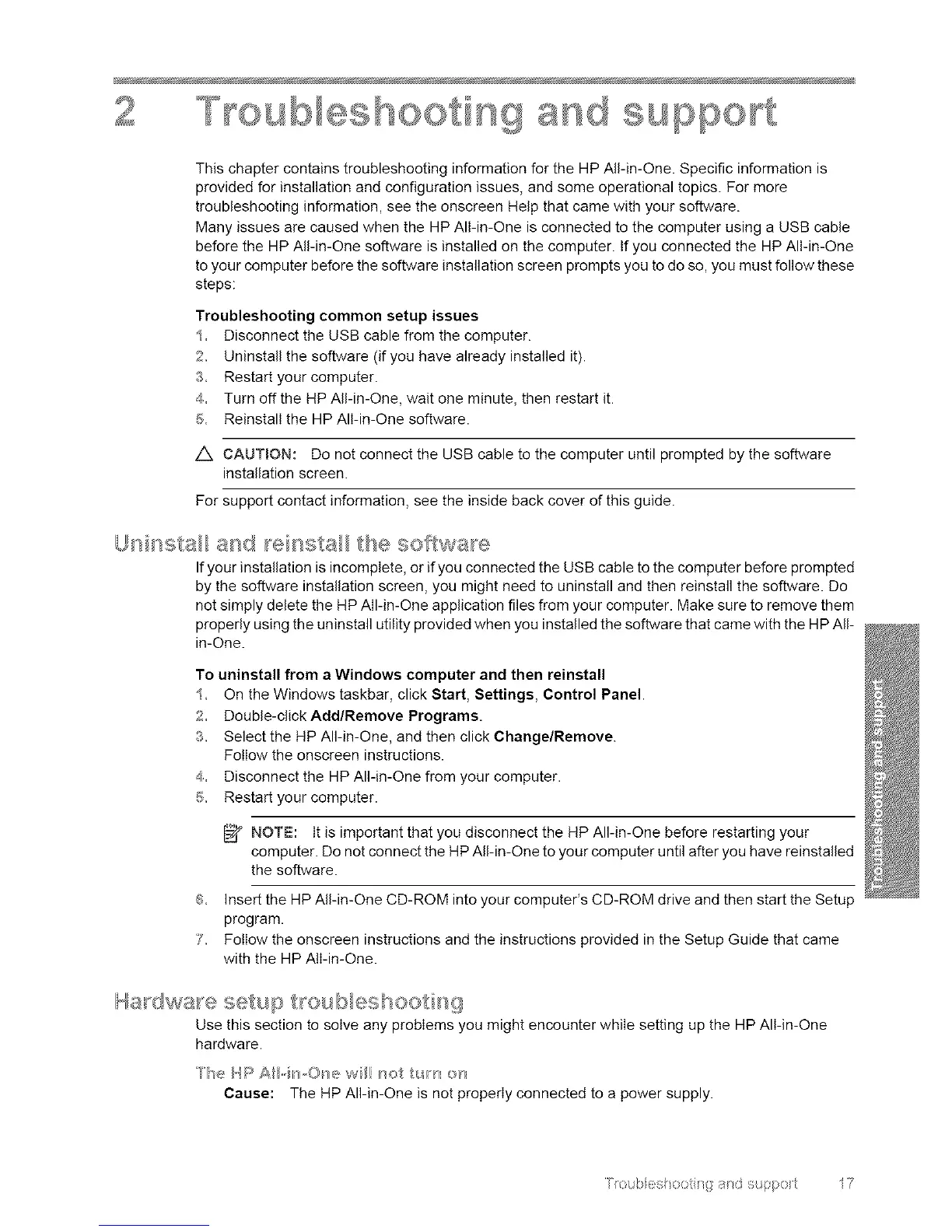 This chapter contains troubleshooting information for the HP All-in-One. Specific information is
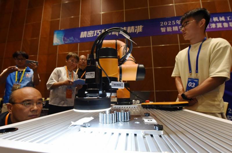 本次联赛作为国赛选拔通道,吸引了来自清华大学、北京理工大学、天津大学、河北科技大学、河北交通职业技术学院、烟台理工学院、青岛科技大学等数十所高校、近百支队伍参赛。比赛设置实操调试与答辩汇报两个环节,主要以齿轮传动系统的高精度装配为核心聚焦点,重点考核五大知识模块:装配基础知识、机器人操作基础、单目视觉检测技术、位姿解算方法及人机协作能力,旨在突出智能装备与传统工艺在实践中的融合创新应用,深度考察参赛者对跨领域技术整合的掌握程度,全面考察学生的创新思维与技术应用能力。经过激烈角逐,26支队伍脱颖而出,获得晋级全国总决赛的资格。
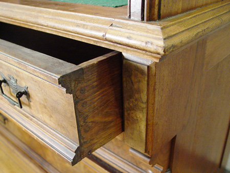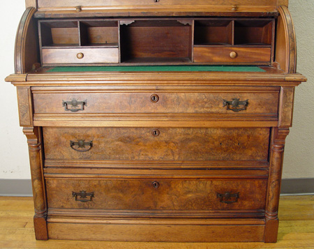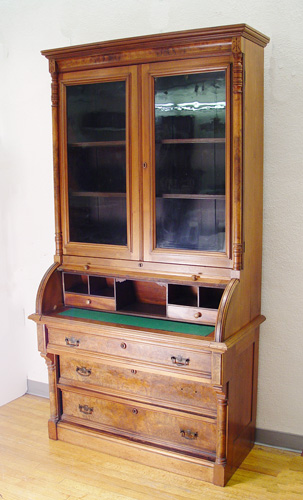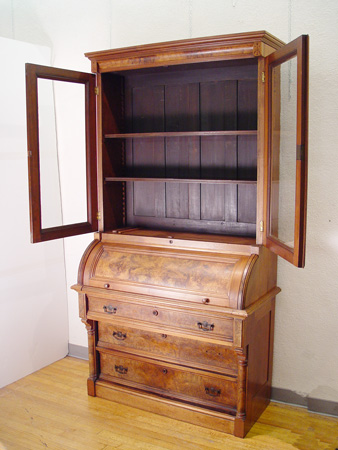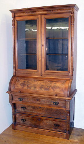 VICTORIAN CYLINDER ROLL TOP SECRETARY BOOKCASE: Glass front upper section with adjustable shelves. Lower section with cylinder roll, compartmented interior, burled panels. Straight top, columnar stiles, 84'' h. x 44'' x 21''.
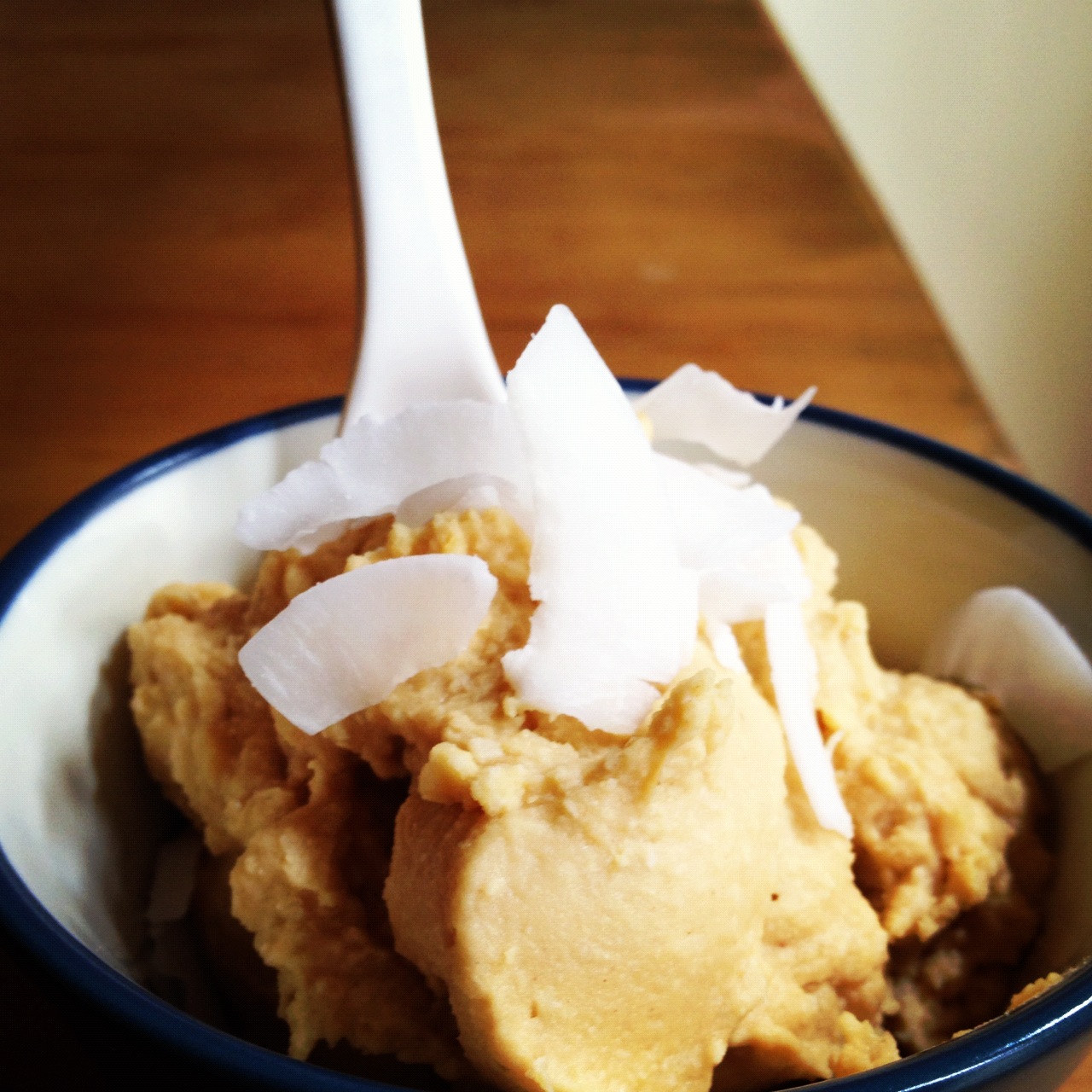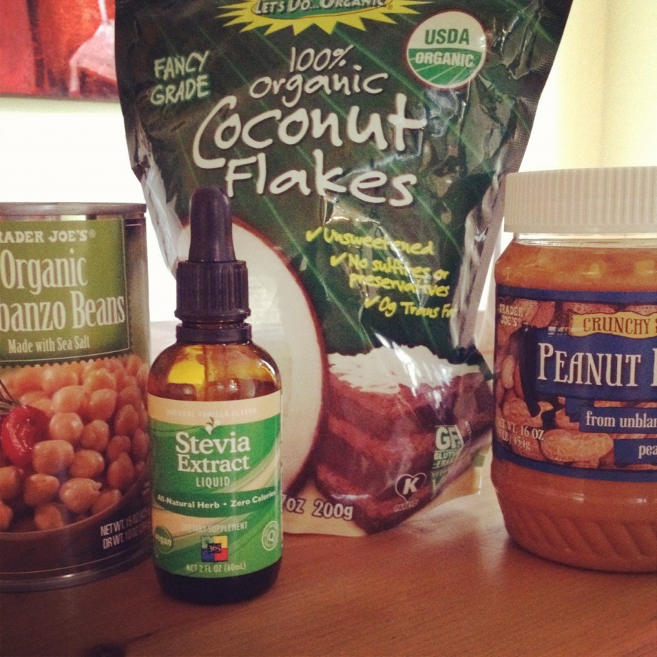 Bust out your blender. Rinse and drain those peas good. If you’re fancy and don’t have a toddler screaming for scrambled eggs, you can pop the peas out of their shells and discard (this makes the dough extra creamy). Shells on doesn’t bother me one bit. Add peas, peanut butter, and stevia and blend away. Add almond milk little by little until you get desired consistency. Stir in coconut.
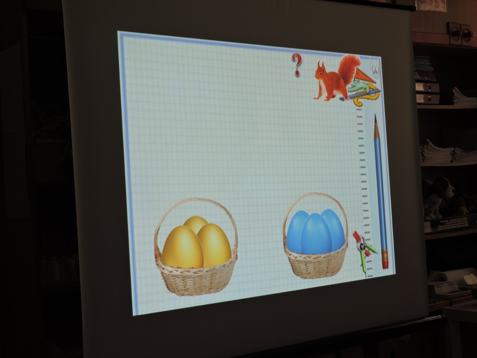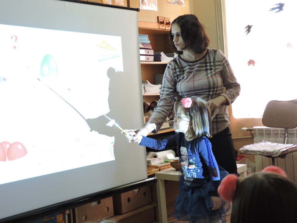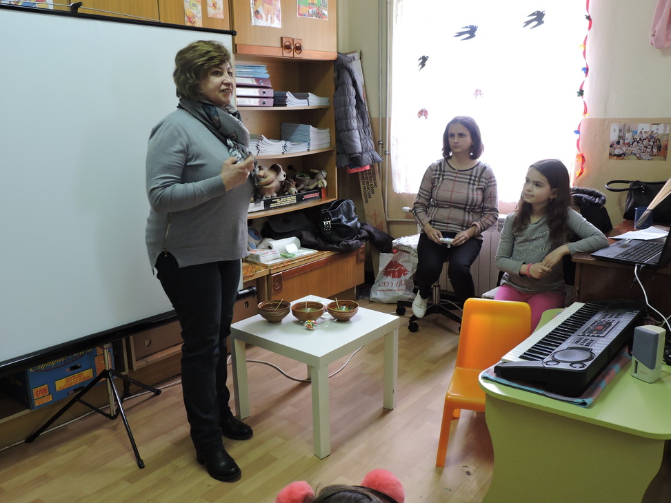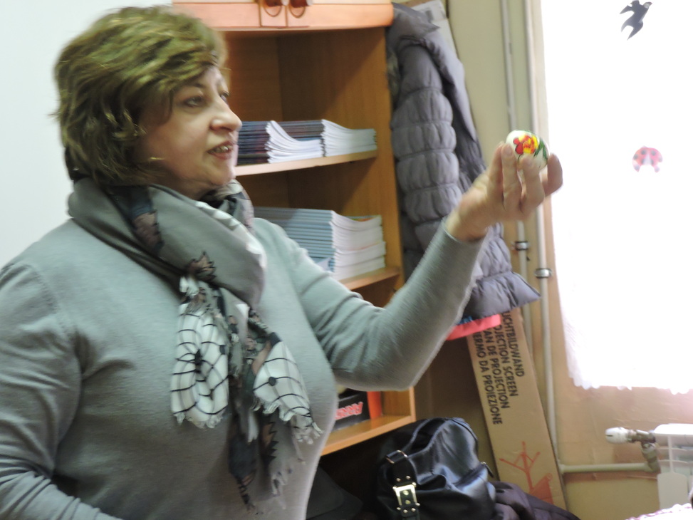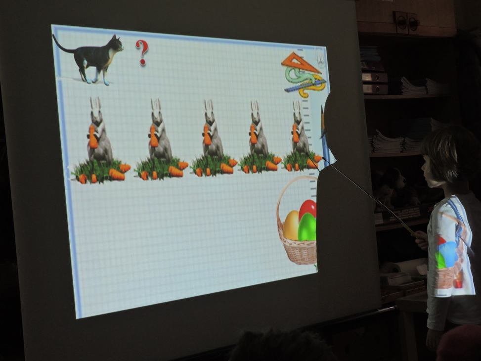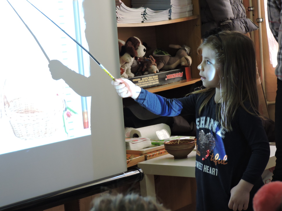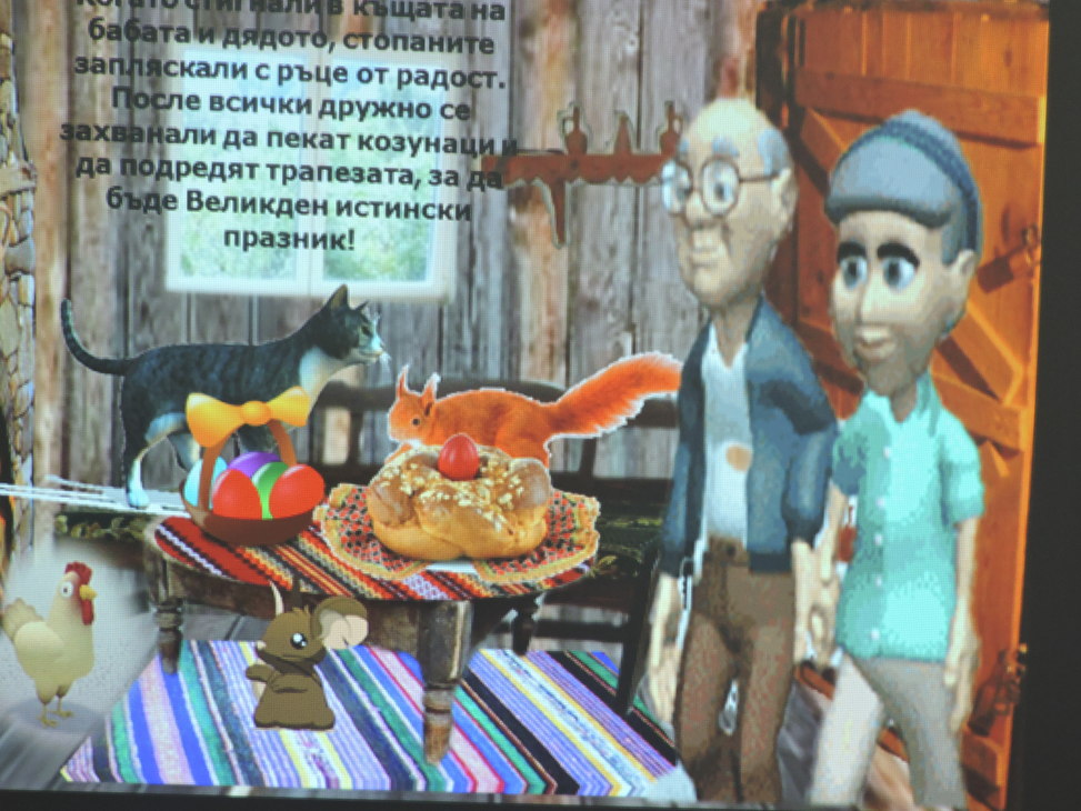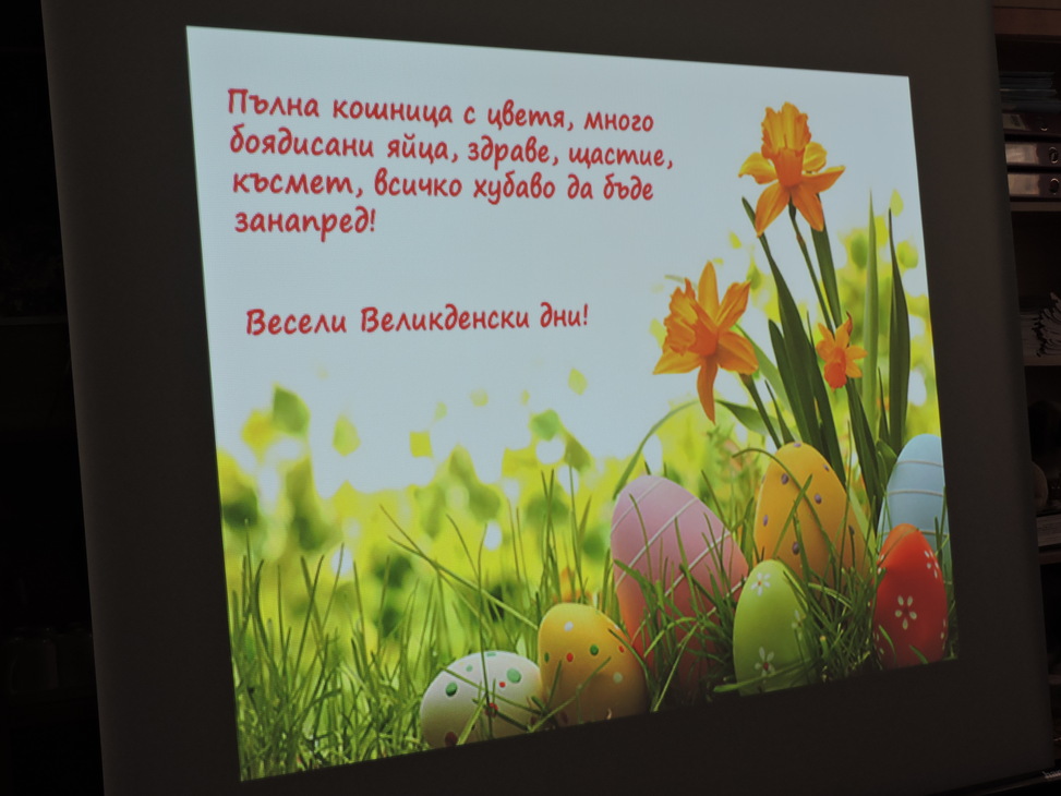 Започнаха с приказката за великденското яйце и неговите приключения, докато стигне до трапезата на дядо и баба. По време на разказа на учителката Юлиана Великова, на екрана „вървеше” презентация. По време на приказката, а и след това й помагаше ученичката от ІІ-а клас в СУ „Христо Ясенов” Анита Стоянова.
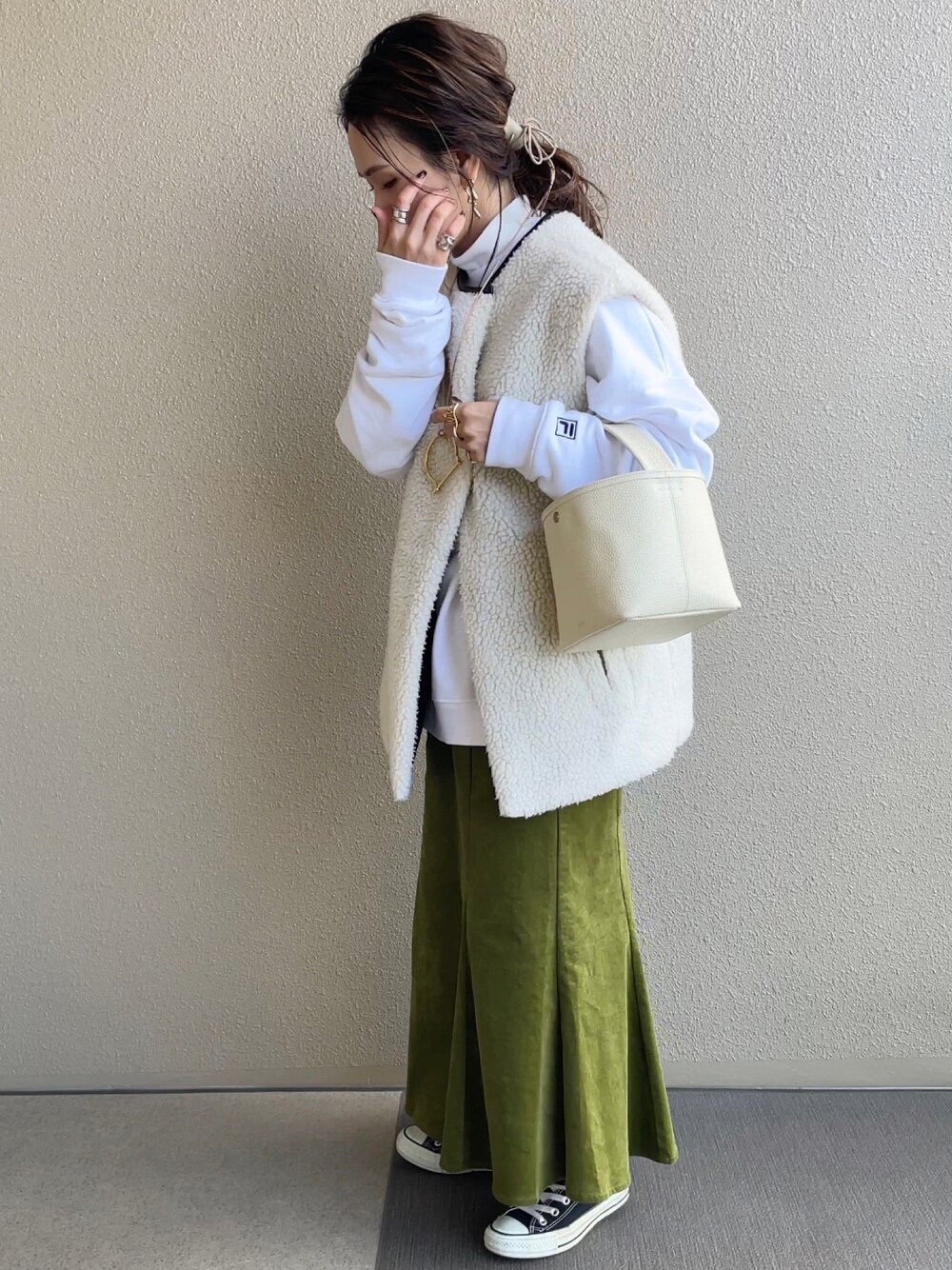 𝚜𝚊𝚢𝚊のスカート「【ZOZO限定色登場】マーメイドスカート ロング 足長効果 ハイウエスト」を使ったコーディネート
+ + + +
→ Work to be completed
Your output should be exactly the lines of the records above from the one with "Bust out your" through the last, both ends included, with pictures excluded.

→ Answer for this exercise
 Bust out your blender. Rinse and drain those peas good. If you’re fancy and don’t have a toddler screaming for scrambled eggs, you can pop the peas out of their shells and discard (this makes the dough extra creamy). Shells on doesn’t bother me one bit. Add peas, peanut butter, and stevia and blend away. Add almond milk little by little until you get desired consistency. Stir in coconut.
 Започнаха с приказката за великденското яйце и неговите приключения, докато стигне до трапезата на дядо и баба. По време на разказа на учителката Юлиана Великова, на екрана „вървеше” презентация. По време на приказката, а и след това й помагаше ученичката от ІІ-а клас в СУ „Христо Ясенов” Анита Стоянова.
 𝚜𝚊𝚢𝚊のスカート「【ZOZO限定色登場】マーメイドスカート ロング 足長効果 ハイウエスト」を使ったコーディネート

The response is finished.